Consequently, the occurrence of failures is inevitable as the
number of components increases. Malfunctions of a component
may not only degrade control performance, but also result in the
loss of system reliability and safety. It should be emphasised that
about 60
%
of control performance degradation in industrial
systems is caused by actuator and sensor failures and equipment
fouling [1]. To achieve higher reliability and better control
performance, a large amount of research efforts on fault tolerant
control (FTC) systems have been made during the past 30 years to
ensure stability and maintain acceptable control. Among all kinds
of possible failures, actuator failures are considered as one of the
most critical challenges, mainly for the reason that the control
performance can be deteriorated by unexpected and unknown
actuator actions.
Many FTC approaches have been developed to deal with
actuator failures, such as linear quadratic control, intelligent
control, adaptive control and methods based on a combination of
different strategies. In general, FTC approaches can be classified
into two categories, namely passive approaches and active ones.
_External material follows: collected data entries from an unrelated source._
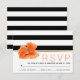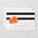 Coral poppy, black white stripes wedding RSVP Card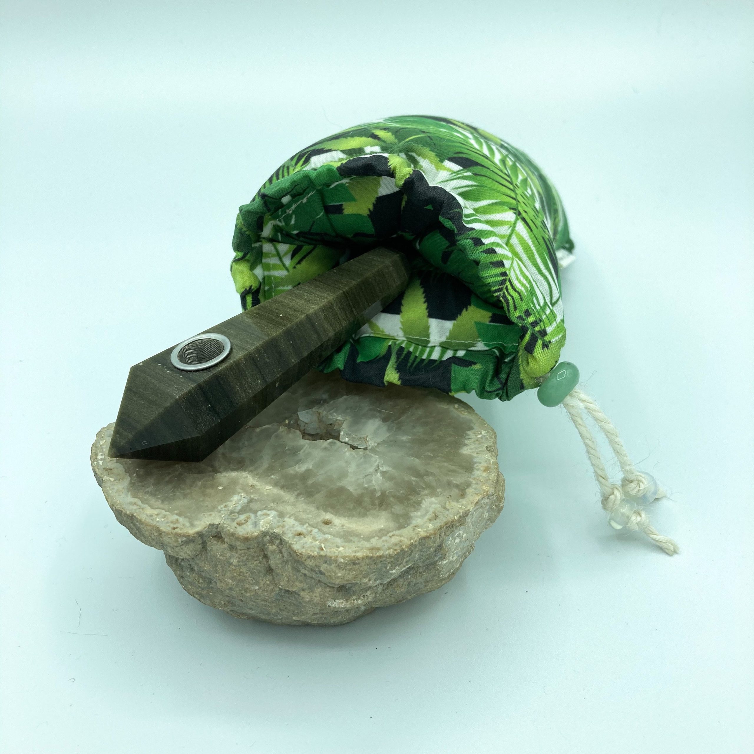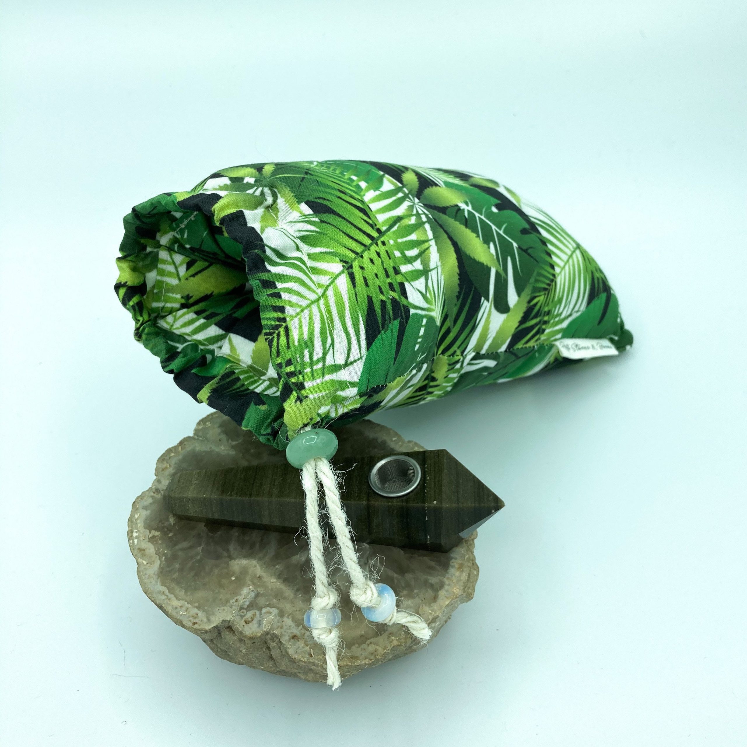 Our Cannabis Greenery Pipe Case features either an Aventurine and Opalite gemstone bead closure, or a Tigers eye and Malachite closure.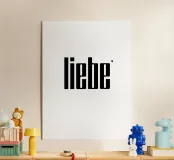 Liebe, love in German. Typography in black and (transparent) white. You can change the background color. Minimalistic typography poster.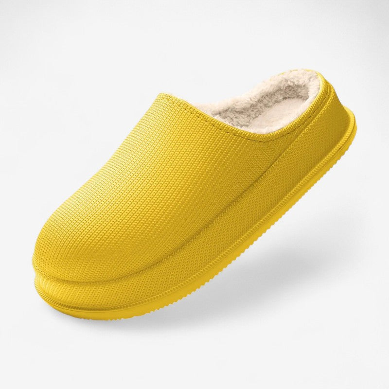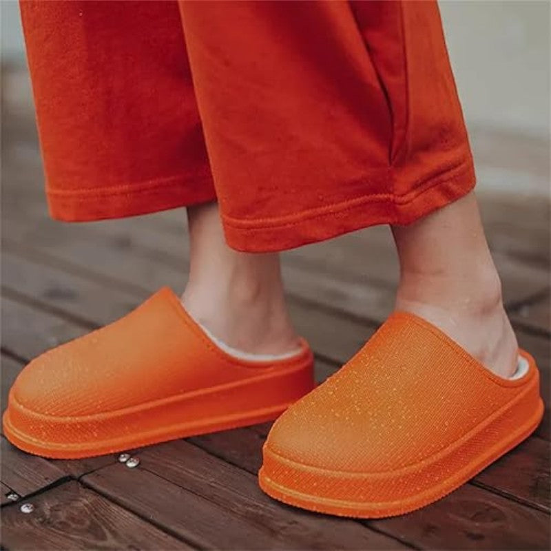 Disse tøflene har en avrundet tå og en flat hælsåle. Designet inkluderer en glatt overdel og en enkel silhuett, noe som gir fottøyet et rent og definert utseende.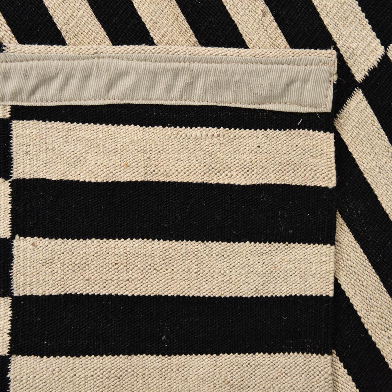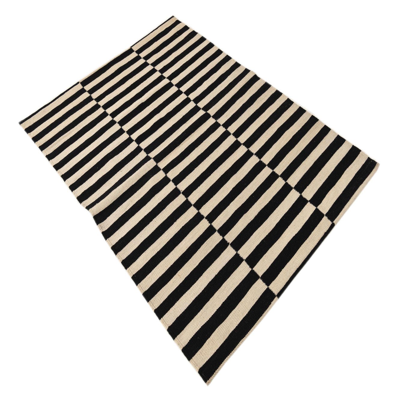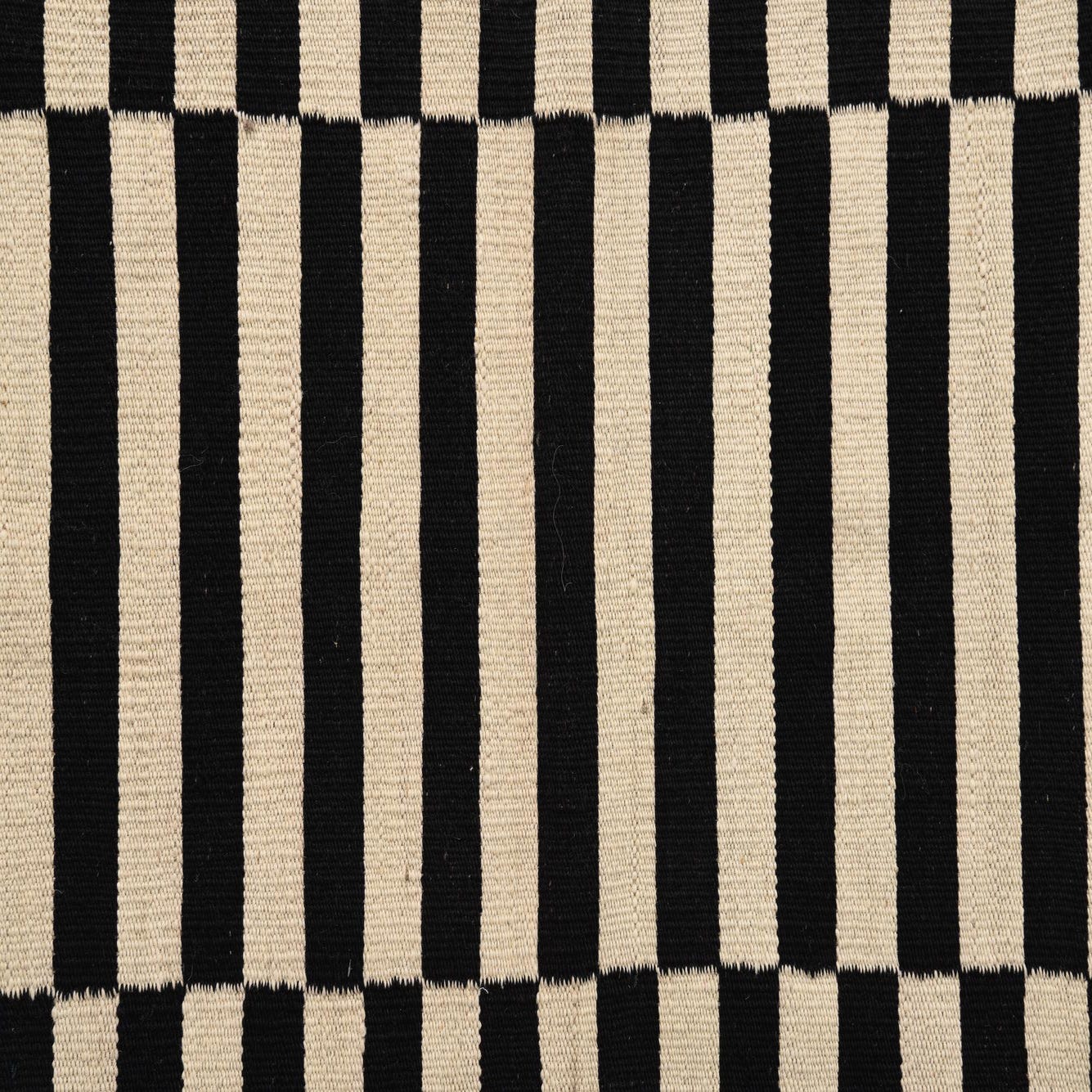 A 3x5 rectangular black and ivory flatweave rug with a modern striped and tribal pattern, suitable for an entryway.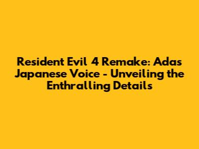 Hey there, fellow gamers! If you're anything like me, you're absolutely hyped about the Resident Evil 4 Remake. This isn't just any remake, guys; it's a complete reimagining of a classic, and the anticipation is REAL. One of the things that adds so much depth to the Resident Evil universe is the incredible voice acting, and let's be honest, Ada Wong is a total icon. So, what about Ada's Japanese voice in the Resident Evil 4 Remake? That's what we're diving into today! We're gonna explore the amazing voice actresses behind Ada, why the Japanese voice acting is so important to many fans, and where you can experience it for yourself. Trust me, it's gonna be a fun ride!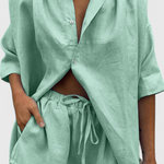 Anika Conjunto de Dos Piezas con Camisa de Botones y Pantalones Cortos con Cuerda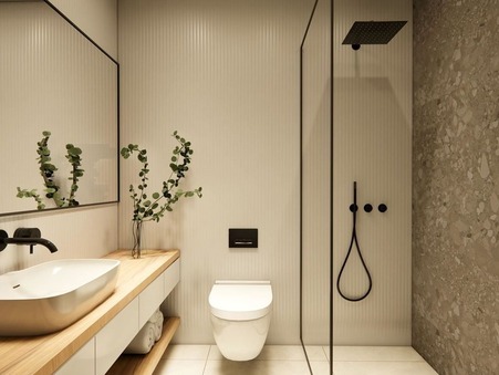 Sols chauffants dans les salles de bains. Salles de bains entièrement équipées avec toilettes, meuble-lavabo, miroir, douche avec effet pluie.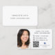 Un carte de visite classique sur un arrière - plan blanc clair. Personnalisez et ajoutez Votre nom, texte, photo de profil, coordonnées et votre propre code QR à votre adresse de site Web ou compte de médias sociaux. icône Facebook.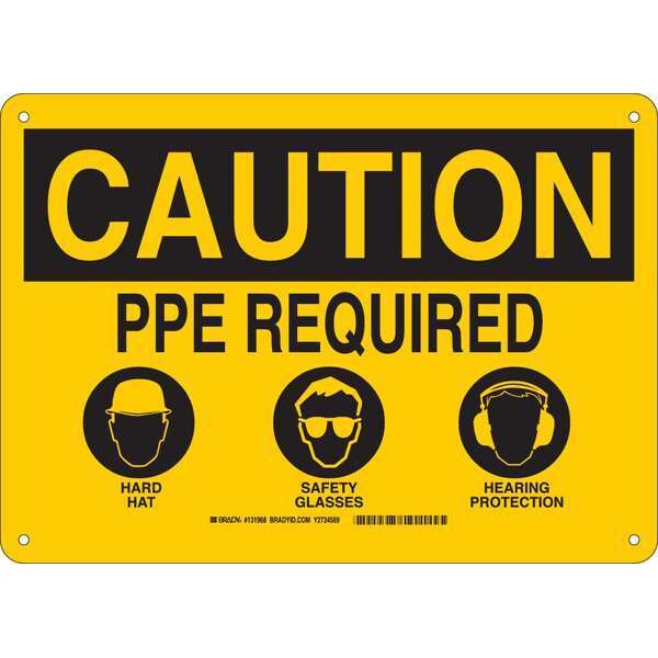 Caution Sign, Sign Subject Matter Personal Protection, Height 10 in, Width 14 in, Sign Material Plastic, Header Caution, Legend PPE Required Hard Hat Safety Glasses Hearing Protection, Printed Language English, Sign Shape Rectangle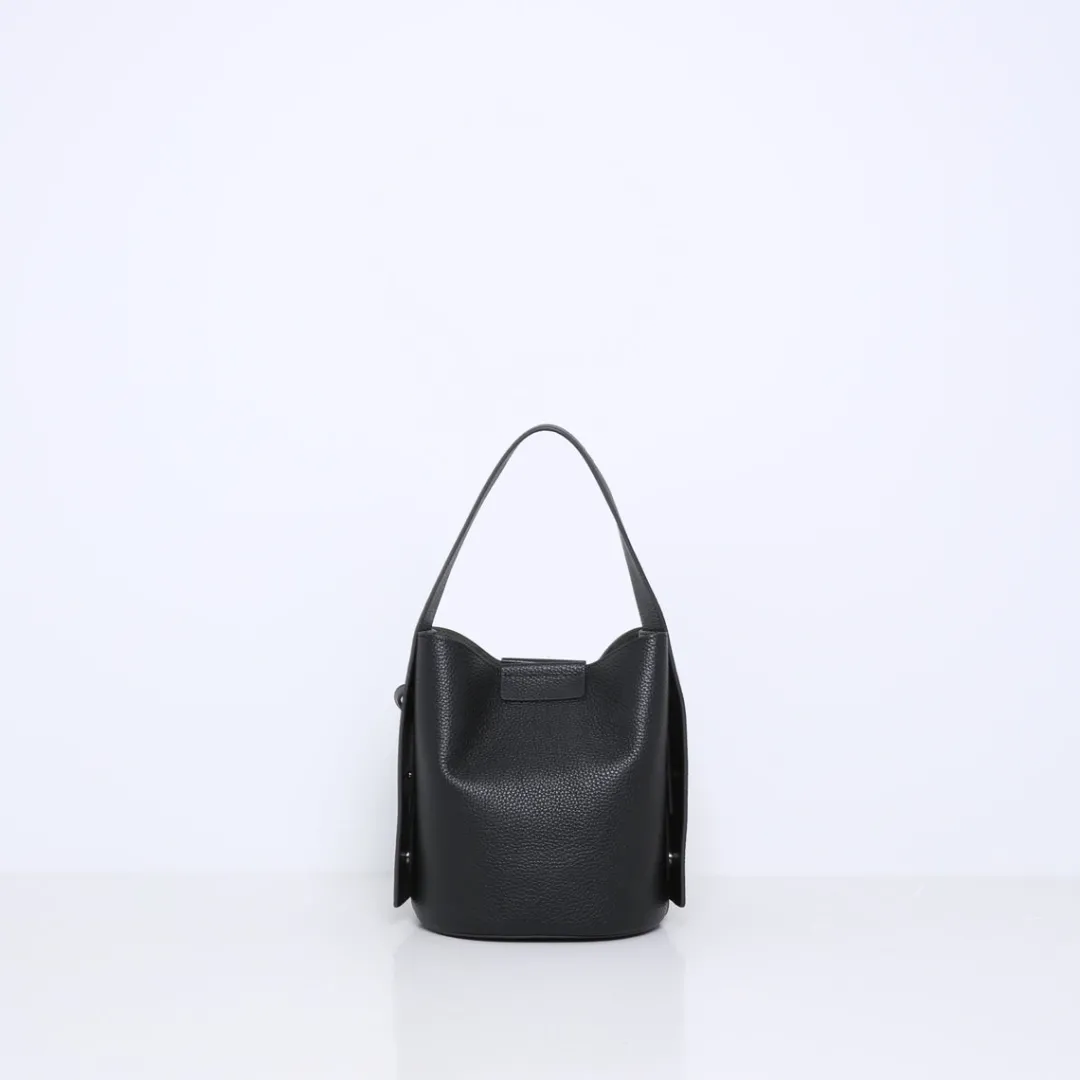 De NATHAN leren bucket handtas is de perfecte combinatie van stijl en functionaliteit. Het unieke design wordt geaccentueerd door het handhengsel dat doorloopt aan de zijkanten van de tas en subtiel uitloopt voor een verfijnde afwerking. Deze elegante tas heeft een open bovenzijde die veilig afgesloten wordt met een magneetkliksluiting.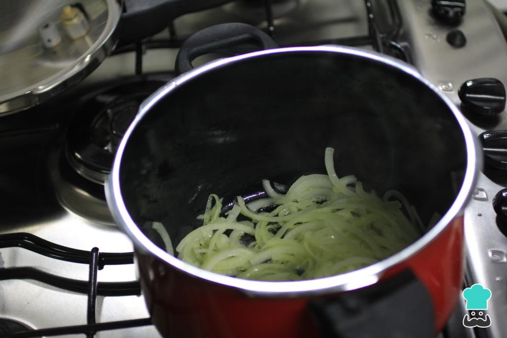 É bem fácil fazer bife acebolado na panela de pressão! Comece por levar a panela ao fogo médio, adicionar o óleo e refogar a cebola cortada em rodelas. Quando estiver transparente adicione os alhos picados e deixe cozinhar por mais 1 minuto, mexendo para não queimar.

The main difference between them lies in whether the fault tolerant
controller depends on the fault detection and identification (FDI)
unit or not. By using passive designs, Zhou and Ren [2] proposed
an architecture that included two parts, where the feedback control
system was solely controlled by the performance controller, while
the model uncertainties and external disturbances were handled by
the robustness of the controller. Xiao et al. [3] derived an adaptive
sliding mode controller by estimating the bound of actuator faults
with an online updating law. Wang et al. [4] investigated a robust
fault-tolerant
control of active suspension systems with finite-
frequency constraints. The passive designs achieved insensitivity
of systems to certain possible failures by their robustness, so they
have the drawback that the designed controllers are often
constrained to handling large failures. On the contrary, active FTC,
which possesses stronger fault tolerant capability, achieves stability
and required performance by tuning control strategies under the
decision of an FDI unit. Zhang and Jiang [5], Hwang et al. [6] gave
some excellent reviews on fault reconfiguration methods. Different
methods for handling the reconfiguration problem have been
reported, such as multiple-model approach [7, 8], adaptive control
approach [9, 10], linear quadratic control [11, 12], pseudo-inverse
[13, 14], artificial intelligence [15], model predictive control [16,
17], linear matrix inequality [18, 19], variable structure control [20,
21] and so on. Nazari et al. [22] reconfigured the sensory faulty
system by using a virtual sensor which is adapted to the FDI unit.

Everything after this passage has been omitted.